Explore Toronto's Hockey Hall of Fame

For fans of the most exciting sport on ice, one of the highlights of their holidays to Canada is visiting Toronto's Hockey Hall of Fame.

The current hall is located in a historic former bank building at the corner of Yonge and Front streets downtown. It opened in 1993 after $27 million in renovations, and has made several additions and improvements since then. It now features 57,000 square feet of one-of-a-kind exhibits, state-of-the-art theatres, hands-on interactive games and hockey's most precious artifacts.

An interesting display of goalie masks greets visitors in the entrance foyer. You then move into the NHL Zone, which features a variety of artifacts and is guarded by nine-foot-tall statues of hockey greats Cyclone Taylor and Ken Dryden. A trip to a full-size replica of the dressing room of Dryden's team, the Montreal Canadiens, from the Montreal Forum is next.

A section on NHL dynasties focuses on nine of the greatest teams in history, from the Ottawa Senators of the '20s to the Edmonton Oilers of the '80s. If you want to sit down for a while, the 128-seat Hartland Molson Theatre has most recently been showing a film called The Stanley Cup Odyssey. Panasonic Hometown Hockey, a tribute to grassroots hockey, is next on the route.

One of the most fun parts of the hall is the interactive NHLPA Be A Player Zone, where you can shoot pucks and try to score on a computer-simulated goaltender or go between the pipes to try and stop shots by simulated snipers.

If you're more verbose than coordinated, go ahead and try your hand at being a play-by-play announcer in the TSN/RDS Broadcast Zone, which looks at the evolution of hockey broadcasting. You can then play hockey video games in the 2K Sports NHL2K Zone. If you'd rather tax your brain than your fingers, test your hockey trivia knowledge in the Pepsi Game Time area.

Hockey cards, tickets, coins, games, dolls, apparel, pennants and food items from around the world are displayed in the Upper Deck Collector's Corner.
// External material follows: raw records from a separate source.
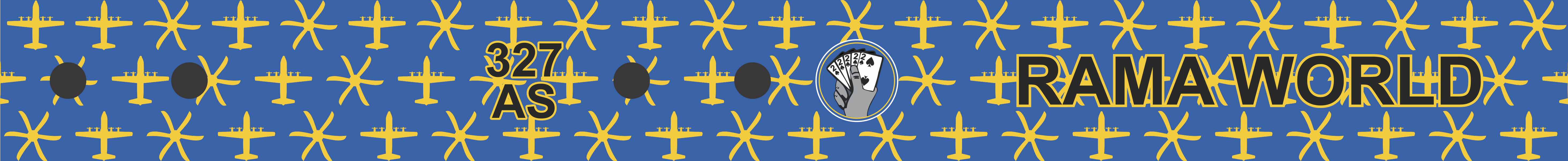 Little Rock AFB 327 AS Blue Background, Yellow C-130's with Alternating Props, Logo with 327 AS Text.
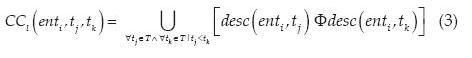 desc (enti, tj) y desc (enti, tk) representan las propiedades que tiene la enti en los instantes tj y tk, respectivamente. Estas descripciones pueden ser tanto en aspectos espaciales como en temporales.
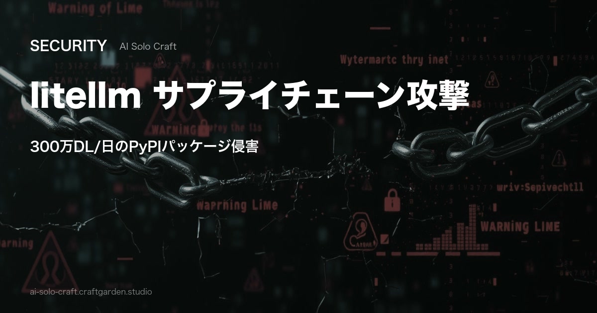 litellm PyPIサプライチェーン攻撃 — 300万DL/日のAIパッケージが侵害、全バージョン隔離
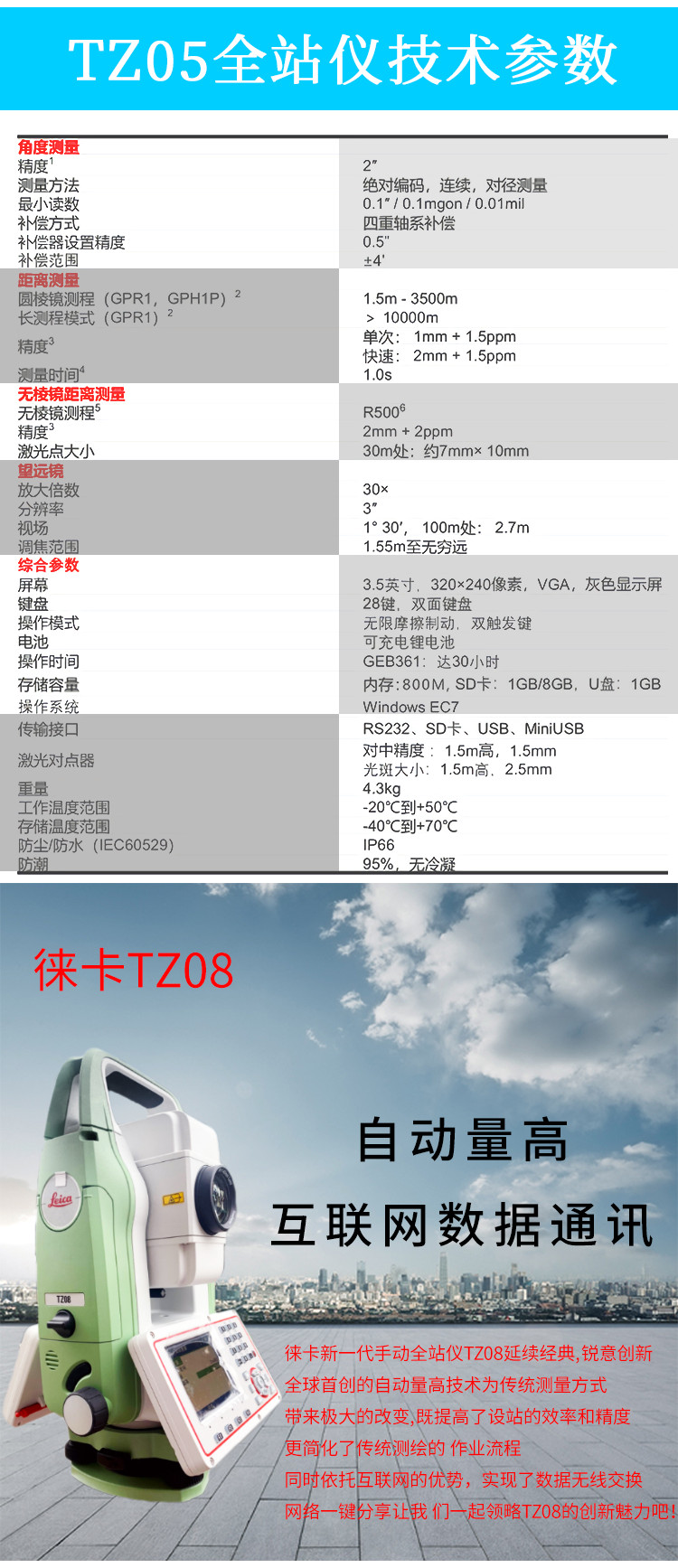 徠卡測量系統匠心制造、再續經典。新一代手動型徠卡全站儀TZ05延續了前 代穩定可靠的產品性能,并帶來了別具匠心的升級之道。全新升級的測 距模塊讓測量成果更加可靠,能夠更快速的完成日常測量任務;全新升 級的工藝品質,輕松應對各種極端環境的挑戰。徠卡TZ05全站儀,感受全新升 級的測量魅力。
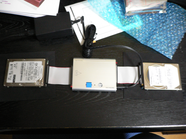 左は買ったときにPCの中にはいっていたデーターをコピーしてあるハードディスク。
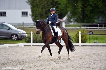 Leichtfüßig, beinahe schwebend trug der neunährige Bayerwallach Dubai W (Decurio/ Swarovski) gezüchtet von Manfred Wöllmer, Carolin Hergenröder (RC Hippo Plus Bamberg- Gaustadt e.V.) mit 70,132 Prozent zum Sieg. Den zweiten Platz belegte der 14-jährige Oldenburger Wallach Hot Chocolate (Hotline/ Rubinstein ...
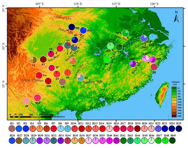 中国科学院植物种质创新与特色农业重点实验室猕猴桃种质资源与育种学科组博士生杨爱红在姚小洪副研究员和黄宏文研究员的指导下,以孑遗植物鹅掌楸为研究对象,采用自主开发的叶绿体基因组微卫星以及核基因组微卫星分子标记(American Journal of Botany, Yang et al., 2012),在了解古气候变化对物种地理分布的影响的基础上,比较分析了边缘居群与核心居群的遗传多样性、基因流动态以及适应性遗传变异。研究结果发现,鹅掌楸残存居群的遗传多样性的分布格局不支持“核心-边缘”假说,即边缘居群与核心居群不存在显著的遗传多样性差异,但是存在从核心居群到边缘居群的非对称基因流,这种非对称基因流可能限制了该物种的扩张潜力(Scientific Reports, Yang et al., 2016)。此外,基于AFLP分子标记的全基因组扫描(genome scan)研究发现,歧化选择(divergent selection)在鹅掌楸残存居群的适应性进化中起主导作用,冬季气温、夏季降水以及太阳辐射是该物种分布区限制的主要环境因子 (Frontiers in Plant Science, Yang et al., 2016)。该研究结果为探讨物种如何适应环境变化带来了新的启示,也为濒危物种种质资源的保护和可持续利用提供了科学依据。
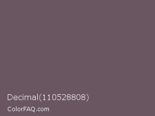 Decimal 110528808 Color is a normal rose color and the nearest color is Zambezi #685558. Hex code #6a5660 and RGB value is rgb(106,86,96). In RGB color space, this color is composed of 42% red, 34% green, 38% blue, In CMYK color space, this color is composed of 0% cyan, 19% magenta, 9% yellow , 58% black , In HSL color space, this color has a hue angle of 330° , 10% saturation and 38% lightness.
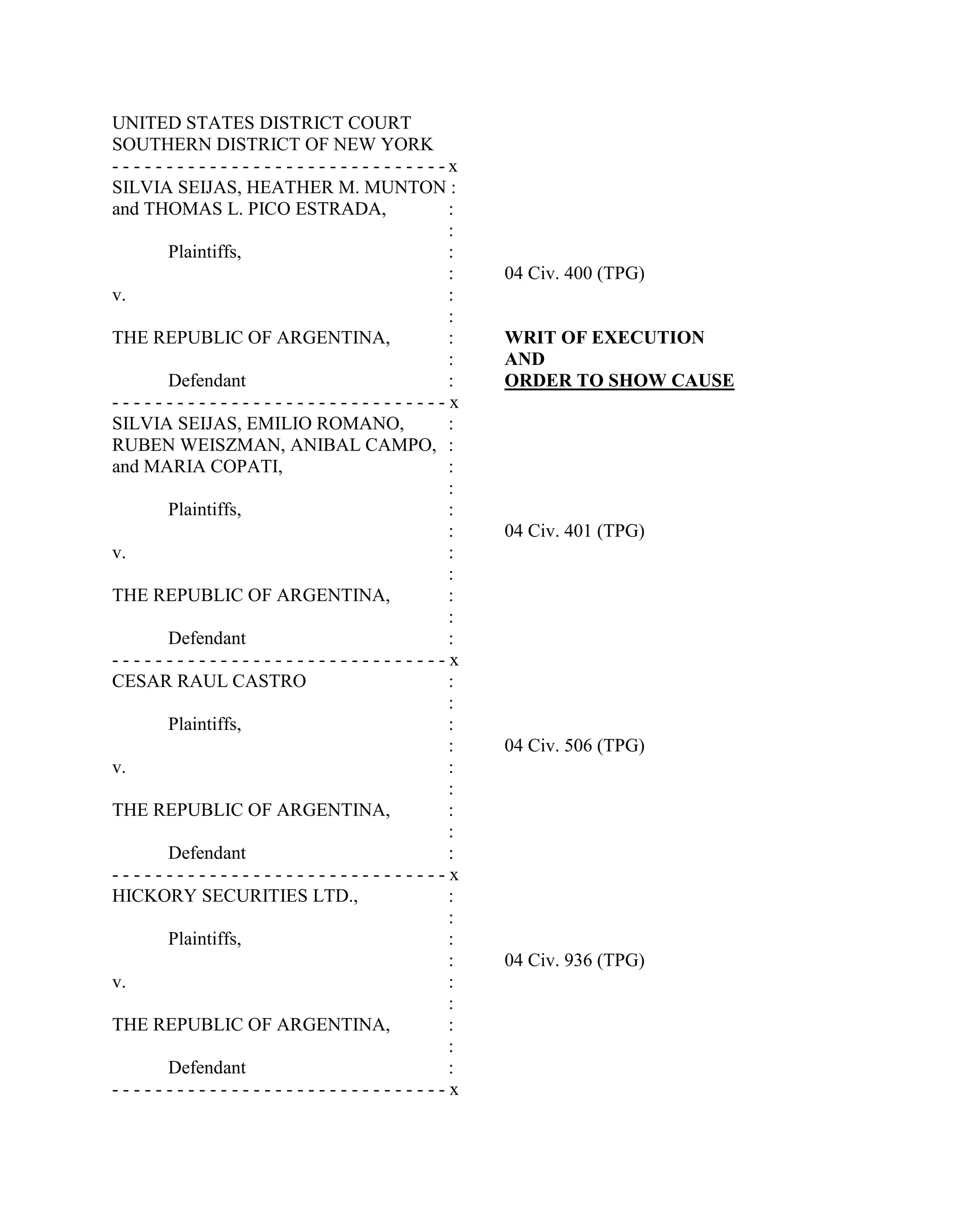 This document is an order from a United States District Court granting plaintiffs a writ of execution against defendant The Republic of Argentina. The court had previously entered judgments totaling over $2 billion against Argentina. The order authorizes the plaintiffs to execute against Argentine assets held in bank accounts in the United States, specifically assets held by or for Argentina in accounts maintained by Banco de la Nación Argentina branches in the US. It finds these funds are used for commercial activity so they can be executed upon to satisfy the previous judgments. The writ of execution allows the plaintiffs to issue restraining notices on the BNA branches pursuant to federal and New York state law.
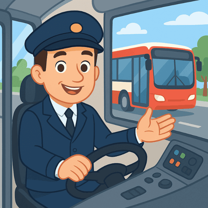 バスを運転して、乗客を目的地まで安全に送り届けます。
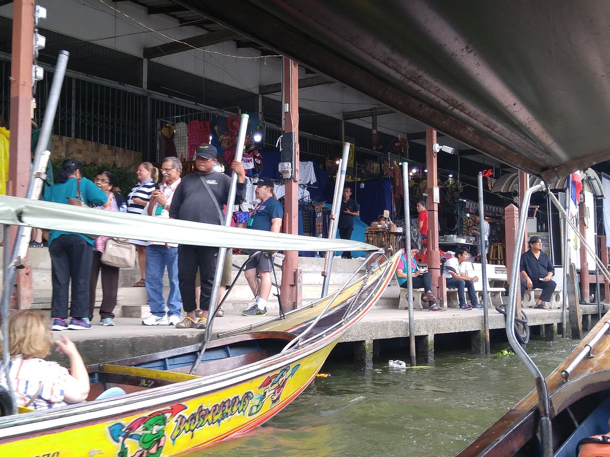 水上マーケットでは雨もあがりましたが、水かさも増していたのでスピードボードはとても楽しかったです。次に手漕ぎボートに乗りかえました。乗らないとただの市場観光になってしまうのでお奨めします。マーケットは観光客相手なので超高い値段を言ってきますが、交渉を続けて納得いかずNO Thank Youと言えば渋々半額以下まで下げられました。

You might want to rest again by this time, so relax in the 120-seat Esso Theatre and watch archival film and video footage from the Hockey Hall of Fame archives.

Olympic and international hockey receive worthy recognition in the World of Hockey area and the interactive Global Game Encounter zone.

The highlight of the visit is the Verizon Great Hall, which features portraits and biographical information about every member who's been inducted into the Hockey Hall of Fame. The National Hockey League's major trophies, including the Stanley Cup, can also be found in this area, which includes a refurbished bank vault. It's this area that truly makes this place a shrine to the game.

You can pick up souvenirs from your visit at a store on the way out.

General admission is $15 for adults, $12 for seniors and $10 for youths. Kids under three are admitted for free.

A family can visit the Hockey Hall of Fame for less than the cost of a single ticket to watch the Toronto Maple Leafs play down the street at the Air Canada Centre, and you're going to see more entertaining hockey than that sad-sack team has provided this season.


Fabio Krown said...

As a fellow Torontonian, I wonder why people don't visit the Hall more often?